Good information for an experienced novice cook (not quite novice, but not at whatever the next level is in the continuum of novice to chef).
Lots of ingredients (that you may not have) to buy if you follow all of the recipes.
God, this book is awful... but I do love Ted.![]()
So, my husband picked this up for me when he happened upon Ted Allen signing them at our local cookware store. Very sweet, but I wish the book had matched the intention. I love Ted Allen, but I can't imagine he is happy with this book. For a beginner, I suppose it would be helpful (but then any cookbook would), but for any vaguely experienced home chef, it offers nothing original nor creative, which is something Ted prides himself on. Production value aside (enough people have commented on the horrible photography), there's just nothing new here.
Best cookbook I own![]()
I discovered this book while waiting for my car to be washed. The local full service has a select few titles and I picked this up. My wife and I own 38 cookbooks and have/do subscribe to 3 cooking magazines. We have three close friends who also cook and with whom we go out to eat often. During hurricane Ike I decided to try a recipe from this book and all of us were amazed by the complexity of exquisite flavors derived from a basically straight forward recipe.

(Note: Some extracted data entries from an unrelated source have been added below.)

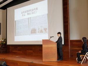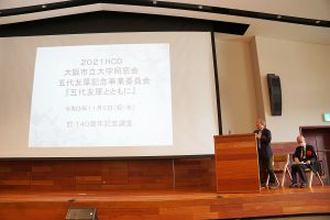 荒川学長・岡本同窓会会長の挨拶のあと、「五代友厚とともに」と題して3つの発表があった。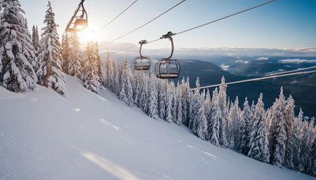 A ski chairlift with a wonderful view of the slopes on a bright winter day.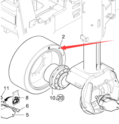 The rear wheel of the grinding machine, part number 199575. Grinding machine traveling tire assembly, grinding machine polyurethane traveling tire. The type of wheels configured varies depending on the model of the grinding machine.

We have not gone out to eat for a month as I have made it my mission to try every recipe in this book. So far I have tried 48 of the more than 100 recipes with our same core group of friends and have not been disappointed by any of them. Every recipe is worth the effort. If you want, start with the lamb burgers followed by the spatchcocked chicken as we did. Or simply close your eyes and pick. This is by far the best cookbook I have ever owned.

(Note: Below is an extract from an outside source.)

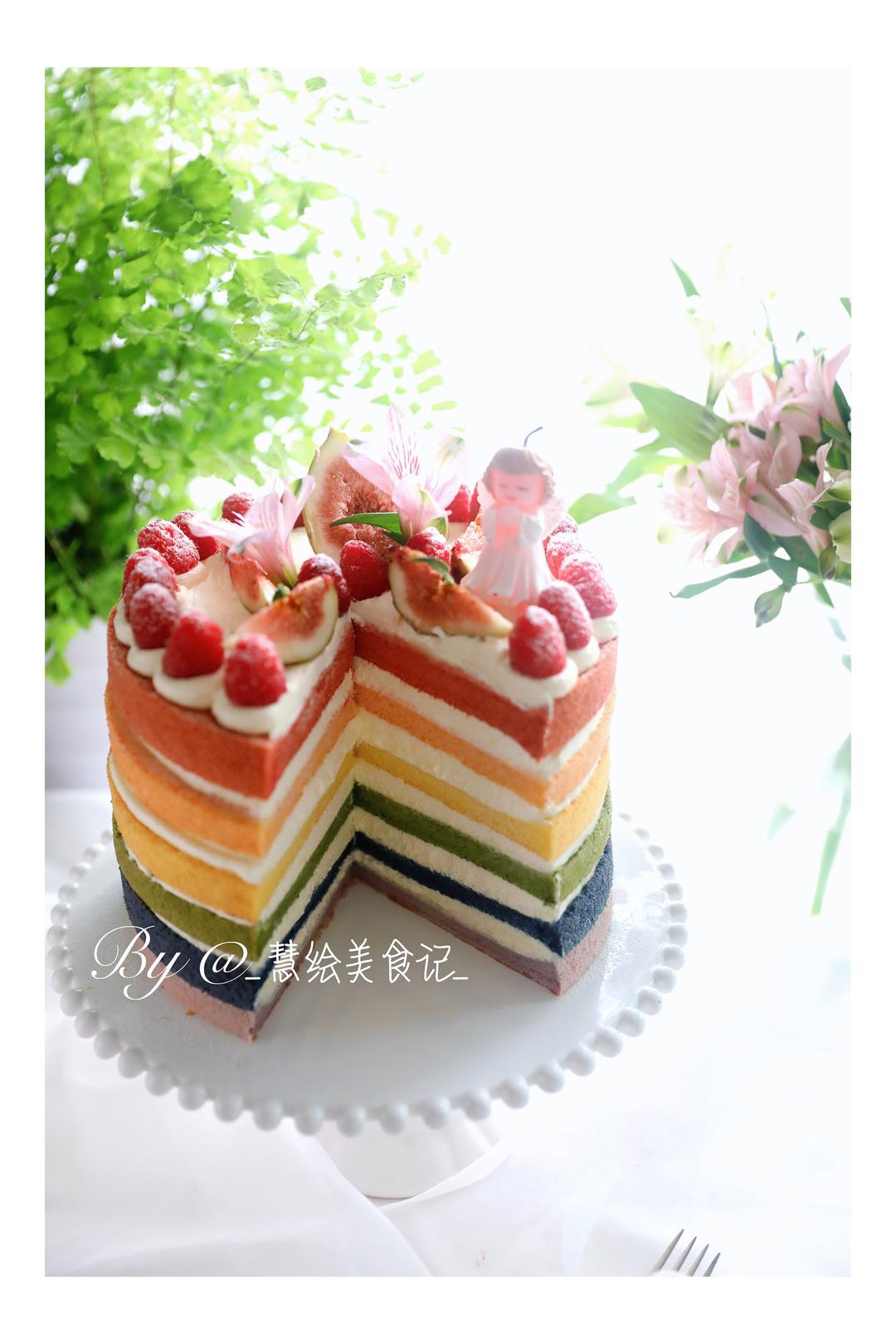 上个月生日给自己做的彩虹裸蛋糕,

If you want pictures, buy a magazine. If you want a textbook, buy the CIA's cookbook. If you really want great flavors married together in ways you have likely never done at home, buy this book. Sure, somethings are not explained well; there is no revealing of the total prep/cook time, and some of the recipes are involved, but my friends have each bought this book now and agree that we have not had a bad meal yet. And I'm writing this review before I send a copy of it to my brother.
This cookbook is manageable and well designed. My wife and I also own Cooking Illustrated's Best Recipes. Many of Ted Allen's techniques are consistent with what they have tested and found to be the best. This book is truly a masterpiece and you will not be dissappointed.